The main objective of the present study was to test the statistical approach of the t quantile to compare elements bioaccumulated in P. schreberi collected from Polish national parks (PNP) and to compare the results between lowland and highland/mountain parks. Our study also examined the view that special care should be taken in regional comparisons of bryophyte concentrations of trace elements. A minor objective is to compare the results with earlier data from Poland. Novel statistical analysis techniques have been used to evaluate the results.

Materials and Methods

Sampling Design

Samples of P. schreberi moss were collected from four lowland parks: Bory Tucholskie NP, Wielkopolski NP, Kampinoski NP, Roztoczański NP, and from five highland/mountain parks: Karkonoski NP, Gór Stołowych NP, Ojcowski NP, Babiogórski NP, and Świętokrzyski NP (Fig. 1). In the figures, these names are abbreviated to BT, Wi, Ka, Ro, Ks, GS, Oj, Bg, and Sw, respectively. Mosses were collected from an area measuring about 50 m × 50 m and at least 5 m away from the canopy of the trees so as not to be directly exposed to through fall precipitation. Within the central part of each of the selected site, three sub-squares of 2 × 2 m, covered with P. schreberi, were selected randomly for the collection of this native moss (only the green parts of moss were taken). Each plant sample consists of a mixture of three subsamples. The design of the moss samples sites was performed according to the protocol adopted within “Heavy Metals in European Mosses: 2000/2001 Survey” (UNECE ICP Vegetation 2011). Sampling and handling was performed using polyethylene gloves and bags. After selection and removing foreign bodies, the moss samples were transported to the laboratory.

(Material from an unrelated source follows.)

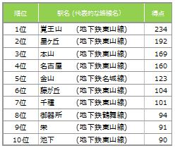 ――――――――――――――――――――――――――――株式会社リクルート住まいカンパニー(本社:東京都千代田区 代表取締役社長:野口 孝広)では、愛知県に居住している人を対象に実施したWEBアンケート形式による「2015年版 名古屋市在住者が選ぶ住みたい街ランキング」を集計しましたので、概要をご報告いたします。

In the laboratory, the samples were carefully cleaned of all dead material and attached litter.

Fig. 1
figure 1

Localisation of the studied national parks. Samples of P. schreberi moss were collected from four lowland parks: Bory Tucholskie [BT], Wielkopolski [Wi], Kampinoski [Ka], Roztoczański [Ro] and from five upland and mountainous parks: Karkonoski [Ks], Gór Stołowych [GS], Ojcowski [Oj] Babiogórski [Bg] and Świętokrzyski [Sw]

Laboratory Analyses

Instrumental Neutron Activation Analysis

The concentration of elements in the P. schreberi moss samples was determined by a multielement instrumental neutron activation analysis (NAA) at the IBR-2 reactor, FLNP JINR, and Dubna. The characteristics of neutron flux density in the two irradiation channels equipped with the pneumatic system and the registration of gamma spectra can be found elsewhere (Frontasyeva 2011). To determine the concentration of elements with short lived isotopes (Al, Ca, Cl, I, Mg, Mn, and V), samples were irradiated for 3 min and measured for 20 min. To determine the concentration of elements with long lived isotopes (Na, Sc, Cr, Fe, Co, Ni, Zn, As, Se, Rb, Sr, Zr, Mo, Sb, Cs, Ba, La, Ce, Sm, Eu, Tb, Hf, Ta, W, Th, and U) (Table 1), the cadmium-screened channel 1 was used. Samples were irradiated for 4 days, repacked, and measured twice using HP germanium detectors after 4 and 20 days of decay, respectively. The NAA data processing and the determination of element concentrations were performed using software developed in FLNP JINR (Dmitriev and Yu 2013).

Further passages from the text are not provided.